PROBLEM TO WORK ON
Leave the pictures out, and transcribe the material below exactly from the line with "图4-4-6 直角式中心供料机头 1-法兰" to the line with "Розвиває тактильні відчуття", both lines included.

RECORDS FOR THE EXERCISE
════

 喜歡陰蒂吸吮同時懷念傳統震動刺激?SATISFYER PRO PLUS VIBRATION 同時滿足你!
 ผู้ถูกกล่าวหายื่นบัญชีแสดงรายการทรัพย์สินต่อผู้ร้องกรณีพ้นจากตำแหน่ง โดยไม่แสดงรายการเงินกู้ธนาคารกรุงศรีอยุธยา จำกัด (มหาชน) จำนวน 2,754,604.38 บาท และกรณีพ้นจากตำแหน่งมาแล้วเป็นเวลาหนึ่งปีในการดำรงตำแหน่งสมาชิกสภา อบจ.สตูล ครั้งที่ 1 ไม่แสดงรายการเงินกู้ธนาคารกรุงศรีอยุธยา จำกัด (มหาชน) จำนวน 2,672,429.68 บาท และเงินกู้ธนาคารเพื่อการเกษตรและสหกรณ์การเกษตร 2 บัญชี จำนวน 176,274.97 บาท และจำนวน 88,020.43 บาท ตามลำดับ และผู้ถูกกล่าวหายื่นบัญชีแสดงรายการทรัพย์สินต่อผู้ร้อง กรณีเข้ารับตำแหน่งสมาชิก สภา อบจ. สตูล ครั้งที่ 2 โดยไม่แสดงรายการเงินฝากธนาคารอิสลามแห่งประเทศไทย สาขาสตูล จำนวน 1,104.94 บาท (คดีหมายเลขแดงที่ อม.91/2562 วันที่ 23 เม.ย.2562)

════

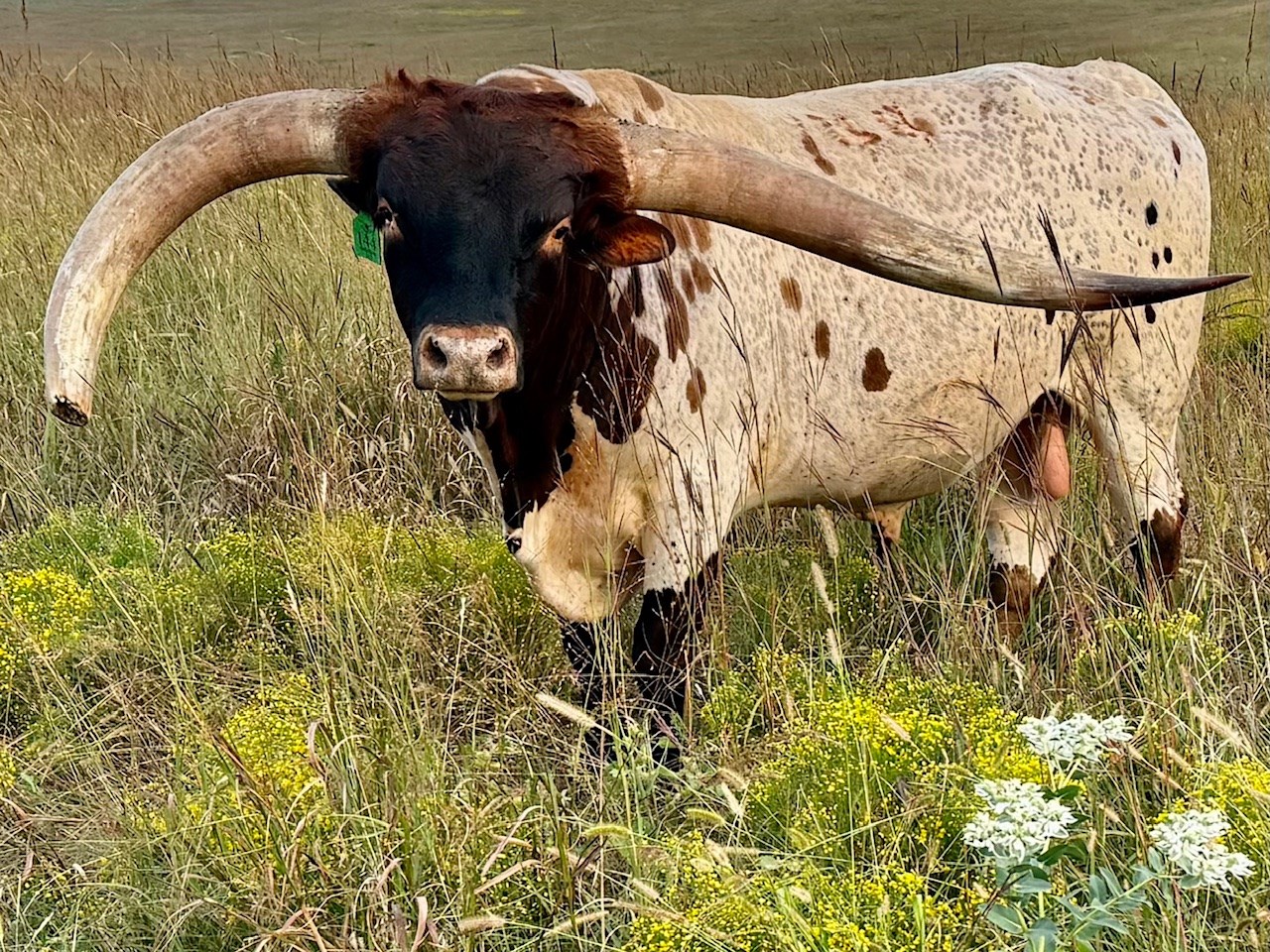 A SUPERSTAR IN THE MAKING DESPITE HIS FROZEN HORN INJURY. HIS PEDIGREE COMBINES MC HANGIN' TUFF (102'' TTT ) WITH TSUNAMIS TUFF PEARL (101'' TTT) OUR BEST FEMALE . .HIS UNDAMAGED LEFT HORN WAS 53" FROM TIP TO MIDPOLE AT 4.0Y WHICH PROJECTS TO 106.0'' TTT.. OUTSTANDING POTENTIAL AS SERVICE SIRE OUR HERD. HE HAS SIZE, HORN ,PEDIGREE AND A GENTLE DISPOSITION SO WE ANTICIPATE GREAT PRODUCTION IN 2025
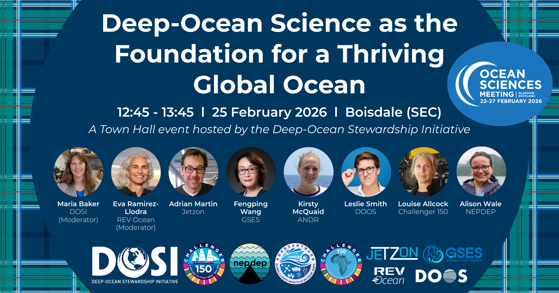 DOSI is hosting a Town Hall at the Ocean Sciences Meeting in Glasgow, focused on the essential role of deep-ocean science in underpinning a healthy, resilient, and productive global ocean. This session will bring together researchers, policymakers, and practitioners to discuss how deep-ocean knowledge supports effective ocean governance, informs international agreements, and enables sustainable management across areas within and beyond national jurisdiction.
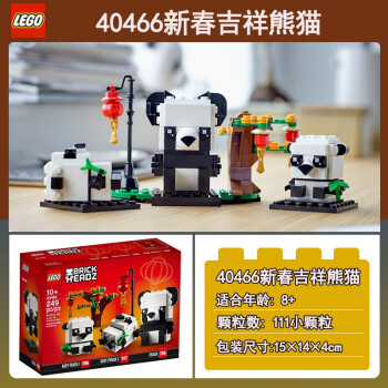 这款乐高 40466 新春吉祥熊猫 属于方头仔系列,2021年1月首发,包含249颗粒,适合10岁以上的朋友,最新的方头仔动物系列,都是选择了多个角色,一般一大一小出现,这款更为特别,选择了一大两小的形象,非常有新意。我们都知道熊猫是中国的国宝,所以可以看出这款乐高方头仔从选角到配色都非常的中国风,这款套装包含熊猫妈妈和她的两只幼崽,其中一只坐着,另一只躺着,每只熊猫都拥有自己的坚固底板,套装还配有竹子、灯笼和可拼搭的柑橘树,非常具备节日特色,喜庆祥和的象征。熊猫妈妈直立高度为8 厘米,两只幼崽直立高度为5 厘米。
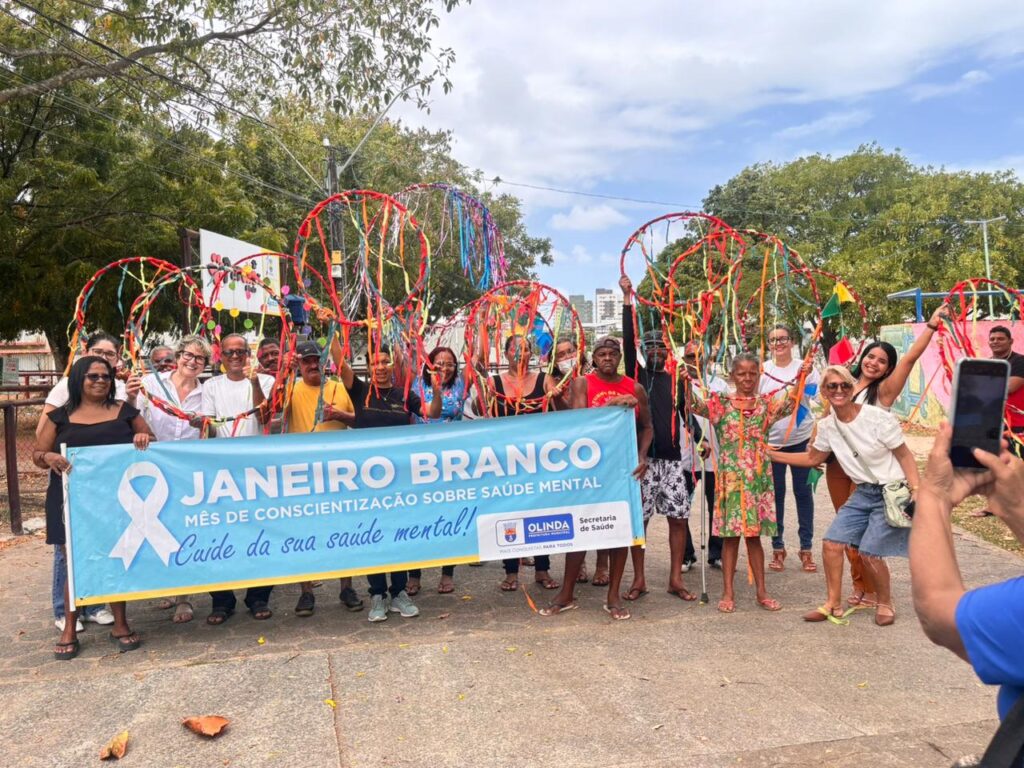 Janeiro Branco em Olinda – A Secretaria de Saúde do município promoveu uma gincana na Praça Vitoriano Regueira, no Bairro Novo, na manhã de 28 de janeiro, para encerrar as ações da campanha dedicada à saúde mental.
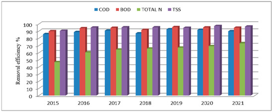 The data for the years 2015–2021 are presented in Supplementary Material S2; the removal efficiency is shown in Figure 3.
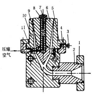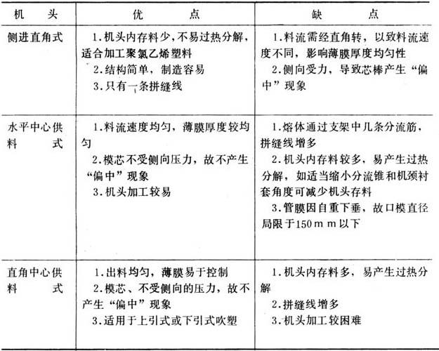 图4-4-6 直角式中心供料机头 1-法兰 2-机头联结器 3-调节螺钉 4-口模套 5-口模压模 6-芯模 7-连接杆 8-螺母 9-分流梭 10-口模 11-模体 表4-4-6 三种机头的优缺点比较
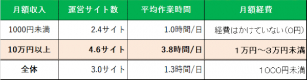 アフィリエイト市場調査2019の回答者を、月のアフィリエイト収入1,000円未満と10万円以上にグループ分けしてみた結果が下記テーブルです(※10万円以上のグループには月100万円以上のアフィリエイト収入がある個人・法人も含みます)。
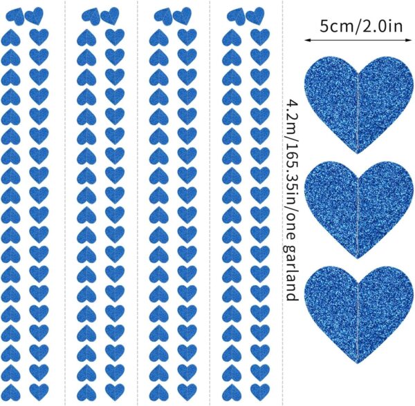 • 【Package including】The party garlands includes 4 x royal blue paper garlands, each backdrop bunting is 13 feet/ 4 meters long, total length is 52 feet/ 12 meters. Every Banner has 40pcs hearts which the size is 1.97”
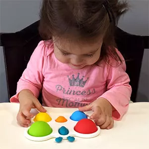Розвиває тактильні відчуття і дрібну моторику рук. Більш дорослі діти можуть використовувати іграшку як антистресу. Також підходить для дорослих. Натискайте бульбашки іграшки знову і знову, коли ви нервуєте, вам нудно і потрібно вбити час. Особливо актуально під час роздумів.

════

OUTPUT OF THE EXERCISE
 图4-4-6 直角式中心供料机头 1-法兰 2-机头联结器 3-调节螺钉 4-口模套 5-口模压模 6-芯模 7-连接杆 8-螺母 9-分流梭 10-口模 11-模体 表4-4-6 三种机头的优缺点比较
 アフィリエイト市場調査2019の回答者を、月のアフィリエイト収入1,000円未満と10万円以上にグループ分けしてみた結果が下記テーブルです(※10万円以上のグループには月100万円以上のアフィリエイト収入がある個人・法人も含みます)。
 • 【Package including】The party garlands includes 4 x royal blue paper garlands, each backdrop bunting is 13 feet/ 4 meters long, total length is 52 feet/ 12 meters. Every Banner has 40pcs hearts which the size is 1.97”
Розвиває тактильні відчуття і дрібну моторику рук. Більш дорослі діти можуть використовувати іграшку як антистресу. Також підходить для дорослих. Натискайте бульбашки іграшки знову і знову, коли ви нервуєте, вам нудно і потрібно вбити час. Особливо актуально під час роздумів.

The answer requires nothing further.